Nigerian CEOs are reimagining growth in an age of uncertainty

In the halls of boardrooms from Lagos to Kano, amid headlines of persistently high inflation, currency depreciation, foreign exchange volatility and mounting geopolitical unease, a quiet but powerful story is unfolding.

It is a story not of resignation, but reinvention. Not of despair, but deliberate optimism.

The 28th Annual Global CEO Survey by PwC, focusing on Nigerian business leaders, captures a moment of transformation. A turning point. One where challenges are acknowledged, but so too is the unmistakable will to rise above them.

Welcome to the new playbook of the Nigerian CEO.

Betting on Growth in an Era of Fragility

The numbers tell a compelling story: 61% of Nigerian CEOs expect economic growth in the next 12 months, a figure that surpasses the global average by 23 percentage points.
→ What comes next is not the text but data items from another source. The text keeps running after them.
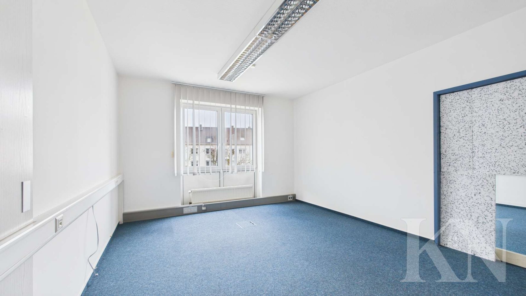 Die Büroräume präsentieren sich hell, gepflegt und funktional. Große Fensterflächen sorgen auf allen Ebenen für eine angenehme natürliche Belichtung. Die Räume sind überwiegend mit strapazierfähigem Teppichboden ausgestattet und verfügen über abgehängte Decken mit integrierter Beleuchtung, ideal für den täglichen Büro- und Verwaltungsbetrieb.
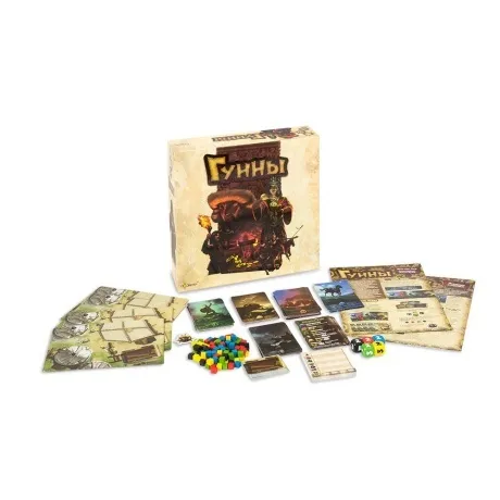 "Гунны" - стратегическая настольная игра, где вам предстоит совершать набеги, собирать под свои знамена наемников, вооружаться и копить сокровища.
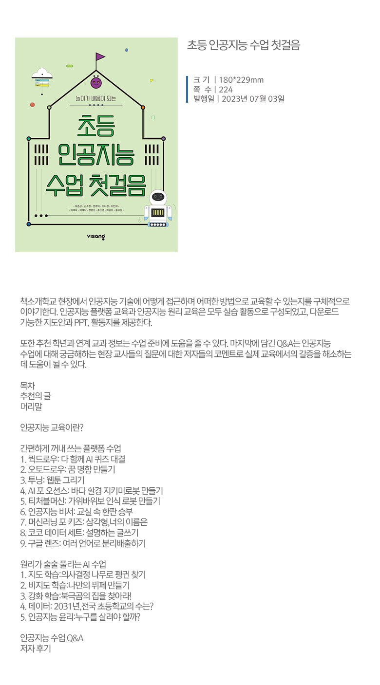 | 도서명 | 초등인공지능수업첫걸음(23) | 저자, 출판사 | 초등 인공지능 교육 연구회 C.I.A / 비상교육 |
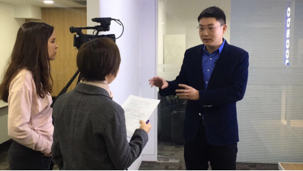 漢柏科技常務(wù)副總裁邱召強接受朝日電視臺采訪
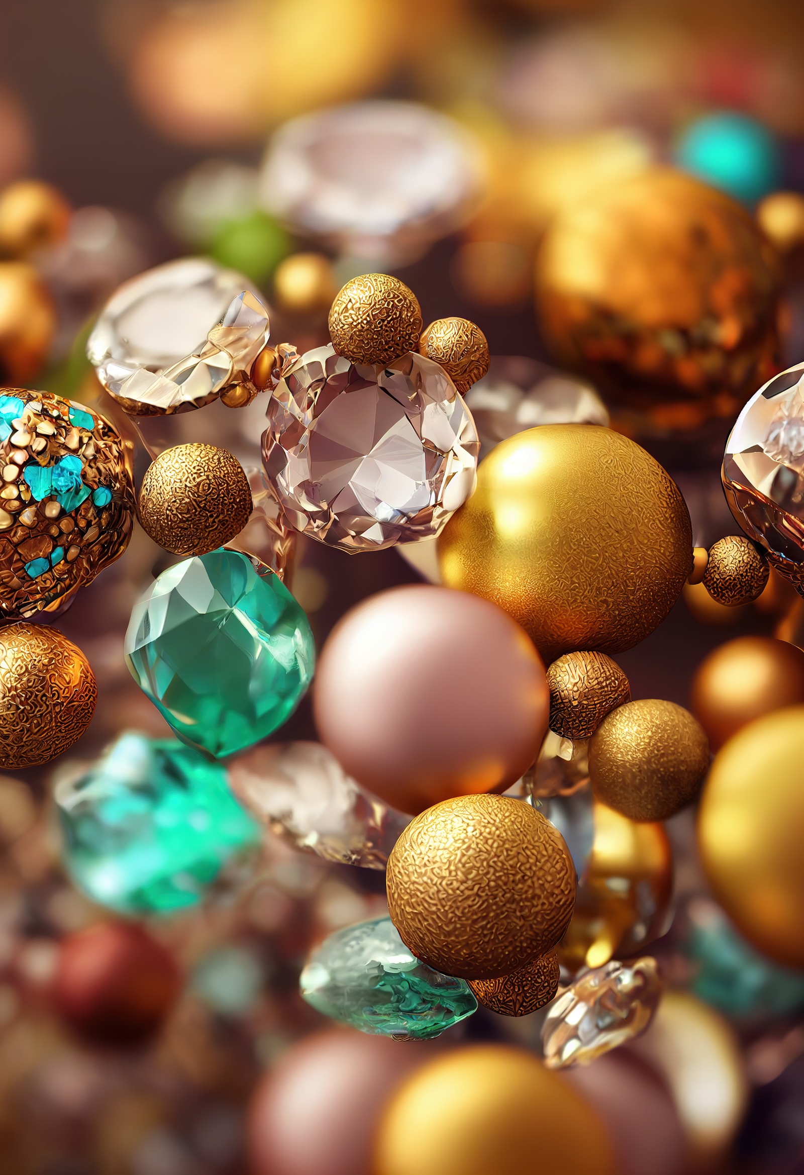 AIで生成した宝石とダイヤモンドの画像素材です。ゴールド、シルバー、グリーン、パープルなど多彩な色合いの宝石やお宝、財宝をモチーフとした豪華なオブジェクトが無造作に配置されています。アクセサリーやジュエリーデザイン、装飾背景として活用できます。
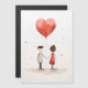 Illustration minimaliste et réconfortante d'un couple tenant la main, relié par un ballon rouge en forme de coeur qui flotte au-dessus d'eux. Le design simple, la texture aquarelle et les éclaboussures douces de couleur sur un arrière - plan blanc donnent une impression douce et rêveuse à l'oeuvre, symbolisant l'amour et la convivialité d'une manière pure et innocente.
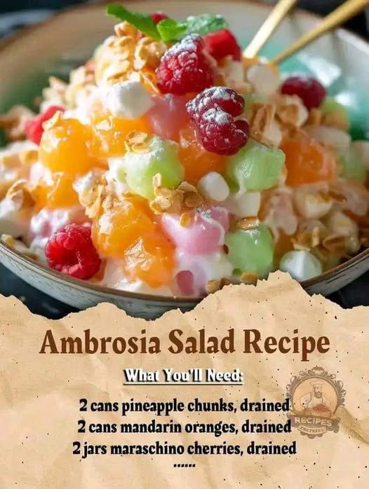 Prepare the Fruit: Ensure the pineapple, mandarin oranges, and cherries are thoroughly drained to prevent the salad from becoming watery.
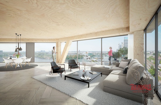 荷兰阿姆斯特丹市政府选定了Team V Architectuur与Lingotto、Nicole Maarsen和ARUP合作设计一座高73米的住宅大楼。大楼选址在阿姆斯特河畔,建成后将成为荷兰最高的木质框架大楼,而且根据建筑计划,该大楼有望角逐世界最高木质大楼。项目预计于2017年下半年开始动工。
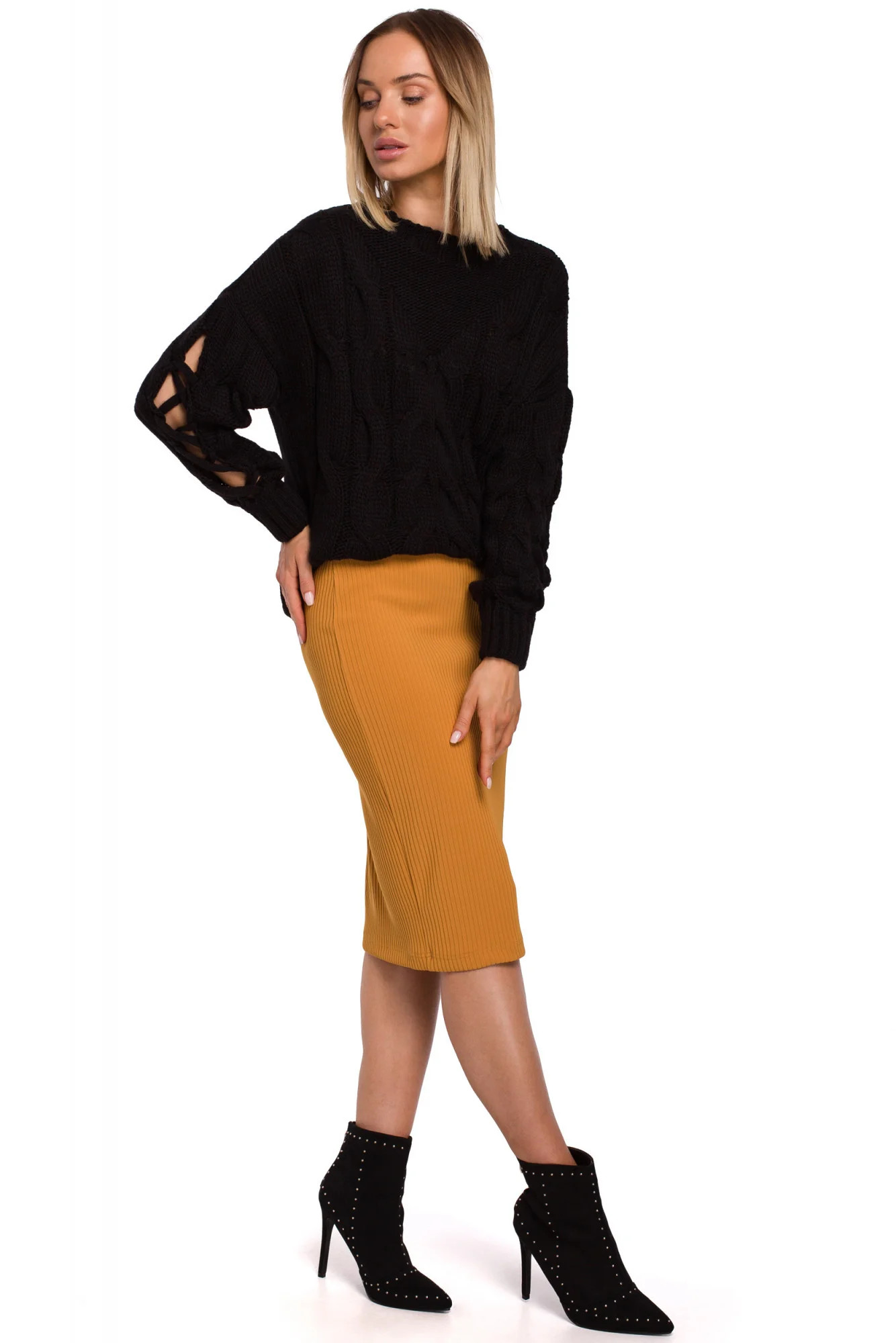Tento svetr má originální rozdělené rukávy, které ukazují trochu více kůže.
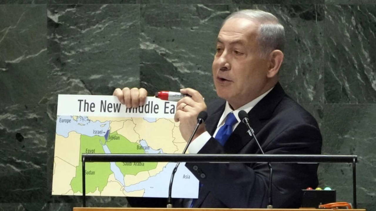 Yandaki haritayı Netanyahu 22 Eylül’de Birleşmiş Milletler’de yaptığı konuşmada gösteriyor. Henüz 7 Ekim’e zaman var. Harita, ABD’nin İsrail ile pek çok Arap ülkesini buluşturmasıyla ortaya çıkan İbrahim Anlaşması’nın sonuçlarını gösteriyor. Yeni Ortadoğu yazıyor haritanın başında. Önce baktım yeni İsrail ülkesini mi gösteriyor; Ürdün, Sina Yarımadası vb. dahil, işgal edileceklerle birlikte büyük İsrail.
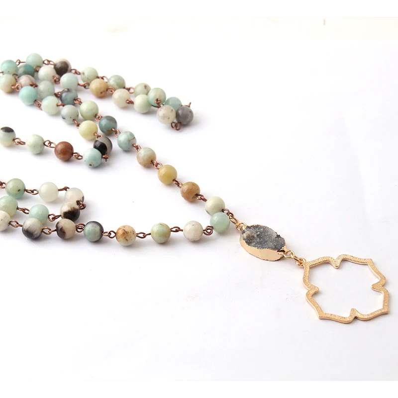 New Fashion Bohemian Tribal Jewelry Beads Halsband Amazonite Stones Natural Druzy Flower of Life Pendan

It is not blind optimism. It is strategic conviction, rooted in resilience shaped by decades of navigating turbulence. These leaders are not just hoping for better days; they are actively engineering them. In a country where unpredictability is almost baked into the business model, this belief in growth is itself a form of leadership capital.

Strategic Reinvention: The New Corporate Currency

Forty-two per cent of Nigerian CEOs believe their current business models won’t survive the next decade without reinvention. So, they are not waiting.

They are moving. Boldly.

61% have entered new sectors
56% have expanded into new customer segments
42% have introduced fresh pricing models
39% have explored new market routes

These are not incremental shifts, they are strategic pivots. This tells us something powerful: Nigerian CEOs understand that survival now means perpetual motion. In a volatile economy, reinvention isn’t optional. It’s existential.

GenAI: From Buzzword to Backbone

When asked about the future, Nigerian CEOs point not just to policy or capital, but to Generative Artificial Intelligence (AI). And not in vague terms. In committed, concrete action.

81% plan to integrate AI within three years.
83% expect AI to be embedded across their tech infrastructure.
67% predict AI will drive new product/service development—more than double the global average.

This is more than enthusiasm; it is infrastructure in the making. For Nigerian business leaders, AI is not here to replace the workforce but to augment it, driving smarter decisions, improving operations, and scaling innovation with speed.

In this vision, technology doesn’t replace talent, it redefines it.

Sustainability: From Afterthought to Asset

Despite just 3% of Nigerian CEOs ranking climate change as a top concern, their actions speak louder than perceptions.

67% have invested in climate-positive initiatives.
61% link executive incentives to sustainability outcomes.

This is not just corporate responsibility, it’s strategic repositioning. Climate action, once viewed as a regulatory box to check, is now a lever for long-term value and innovation. CEOs are aligning incentives, restructuring priorities, and preparing for global environmental, social and governance (ESG) frameworks such as the IFRS Sustainability Disclosure Standards, which will become mandatory for public interest entities in Nigeria by 2028.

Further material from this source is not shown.